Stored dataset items
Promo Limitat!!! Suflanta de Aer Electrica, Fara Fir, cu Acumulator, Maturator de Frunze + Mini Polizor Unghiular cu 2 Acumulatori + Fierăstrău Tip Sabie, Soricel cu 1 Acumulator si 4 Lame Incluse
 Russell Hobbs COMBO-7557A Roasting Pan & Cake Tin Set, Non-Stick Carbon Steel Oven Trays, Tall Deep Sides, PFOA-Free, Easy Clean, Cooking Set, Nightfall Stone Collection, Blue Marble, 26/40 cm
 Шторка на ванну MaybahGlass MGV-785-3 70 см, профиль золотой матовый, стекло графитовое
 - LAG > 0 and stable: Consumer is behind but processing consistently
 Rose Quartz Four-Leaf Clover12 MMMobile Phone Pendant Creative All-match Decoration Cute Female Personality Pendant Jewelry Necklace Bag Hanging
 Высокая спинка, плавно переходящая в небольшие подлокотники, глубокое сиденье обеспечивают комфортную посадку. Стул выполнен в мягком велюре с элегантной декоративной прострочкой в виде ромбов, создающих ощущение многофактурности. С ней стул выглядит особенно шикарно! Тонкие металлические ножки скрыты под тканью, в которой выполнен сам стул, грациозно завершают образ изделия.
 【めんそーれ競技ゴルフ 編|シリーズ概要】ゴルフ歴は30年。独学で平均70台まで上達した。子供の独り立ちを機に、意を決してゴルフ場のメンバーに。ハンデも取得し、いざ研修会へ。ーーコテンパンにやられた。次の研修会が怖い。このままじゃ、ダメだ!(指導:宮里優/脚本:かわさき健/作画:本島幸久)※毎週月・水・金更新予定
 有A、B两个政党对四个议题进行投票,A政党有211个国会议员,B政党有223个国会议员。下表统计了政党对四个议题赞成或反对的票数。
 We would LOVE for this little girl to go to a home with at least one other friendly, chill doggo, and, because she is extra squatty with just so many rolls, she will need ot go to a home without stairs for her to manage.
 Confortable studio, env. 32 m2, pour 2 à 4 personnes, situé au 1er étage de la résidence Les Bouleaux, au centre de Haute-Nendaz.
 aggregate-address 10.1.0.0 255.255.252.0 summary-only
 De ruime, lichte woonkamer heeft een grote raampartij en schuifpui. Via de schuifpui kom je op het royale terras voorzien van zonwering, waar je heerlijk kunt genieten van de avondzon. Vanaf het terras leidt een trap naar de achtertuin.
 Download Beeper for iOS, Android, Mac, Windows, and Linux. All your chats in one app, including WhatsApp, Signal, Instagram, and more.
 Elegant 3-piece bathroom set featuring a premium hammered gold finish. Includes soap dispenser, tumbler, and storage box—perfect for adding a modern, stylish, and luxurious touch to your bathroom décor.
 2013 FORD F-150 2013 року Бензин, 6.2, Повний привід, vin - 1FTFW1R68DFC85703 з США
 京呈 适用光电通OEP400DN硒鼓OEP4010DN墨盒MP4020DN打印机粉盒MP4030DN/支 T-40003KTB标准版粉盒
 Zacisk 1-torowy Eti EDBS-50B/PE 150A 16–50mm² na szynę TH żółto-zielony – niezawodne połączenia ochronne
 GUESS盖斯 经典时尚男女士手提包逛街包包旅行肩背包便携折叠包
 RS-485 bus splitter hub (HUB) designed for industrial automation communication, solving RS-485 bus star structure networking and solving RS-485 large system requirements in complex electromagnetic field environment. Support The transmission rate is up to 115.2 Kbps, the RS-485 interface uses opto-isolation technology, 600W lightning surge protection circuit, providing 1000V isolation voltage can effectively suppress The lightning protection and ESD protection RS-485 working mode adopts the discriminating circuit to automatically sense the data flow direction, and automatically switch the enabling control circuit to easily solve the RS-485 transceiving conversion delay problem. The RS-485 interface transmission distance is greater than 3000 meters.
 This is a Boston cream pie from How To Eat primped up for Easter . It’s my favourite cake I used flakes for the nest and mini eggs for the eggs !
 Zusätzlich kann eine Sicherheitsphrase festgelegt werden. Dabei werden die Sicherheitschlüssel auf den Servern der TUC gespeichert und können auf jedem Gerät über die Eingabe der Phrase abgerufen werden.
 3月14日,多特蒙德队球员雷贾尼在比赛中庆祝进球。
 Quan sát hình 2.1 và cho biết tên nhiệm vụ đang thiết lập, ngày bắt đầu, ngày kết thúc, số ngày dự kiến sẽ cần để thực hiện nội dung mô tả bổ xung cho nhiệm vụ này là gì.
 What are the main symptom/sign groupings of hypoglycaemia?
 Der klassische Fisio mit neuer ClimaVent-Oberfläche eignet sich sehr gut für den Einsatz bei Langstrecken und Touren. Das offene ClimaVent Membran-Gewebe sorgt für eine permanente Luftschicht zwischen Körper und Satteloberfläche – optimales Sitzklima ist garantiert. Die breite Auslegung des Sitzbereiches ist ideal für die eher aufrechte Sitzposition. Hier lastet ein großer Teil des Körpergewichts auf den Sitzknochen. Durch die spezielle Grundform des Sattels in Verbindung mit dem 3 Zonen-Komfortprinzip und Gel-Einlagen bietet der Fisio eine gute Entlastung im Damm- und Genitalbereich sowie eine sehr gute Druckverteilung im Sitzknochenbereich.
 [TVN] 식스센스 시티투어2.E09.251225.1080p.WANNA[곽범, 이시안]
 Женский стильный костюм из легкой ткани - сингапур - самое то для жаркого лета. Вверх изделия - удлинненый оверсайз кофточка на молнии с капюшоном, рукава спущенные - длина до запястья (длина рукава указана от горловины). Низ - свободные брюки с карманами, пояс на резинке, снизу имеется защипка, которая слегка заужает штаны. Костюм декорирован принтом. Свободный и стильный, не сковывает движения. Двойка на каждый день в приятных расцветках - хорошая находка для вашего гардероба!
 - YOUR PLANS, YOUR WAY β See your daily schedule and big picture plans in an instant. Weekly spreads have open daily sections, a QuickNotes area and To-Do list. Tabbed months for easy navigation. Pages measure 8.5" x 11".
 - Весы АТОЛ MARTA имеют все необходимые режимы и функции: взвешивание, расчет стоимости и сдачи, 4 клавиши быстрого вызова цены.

- **WORK REQUEST**
Starting with the first line of the entries and ending with the line that has "- LAG > 0 and", copy each line exactly and add nothing.

- **RESULT**
Promo Limitat!!! Suflanta de Aer Electrica, Fara Fir, cu Acumulator, Maturator de Frunze + Mini Polizor Unghiular cu 2 Acumulatori + Fierăstrău Tip Sabie, Soricel cu 1 Acumulator si 4 Lame Incluse
 Russell Hobbs COMBO-7557A Roasting Pan & Cake Tin Set, Non-Stick Carbon Steel Oven Trays, Tall Deep Sides, PFOA-Free, Easy Clean, Cooking Set, Nightfall Stone Collection, Blue Marble, 26/40 cm
 Шторка на ванну MaybahGlass MGV-785-3 70 см, профиль золотой матовый, стекло графитовое
 - LAG > 0 and stable: Consumer is behind but processing consistently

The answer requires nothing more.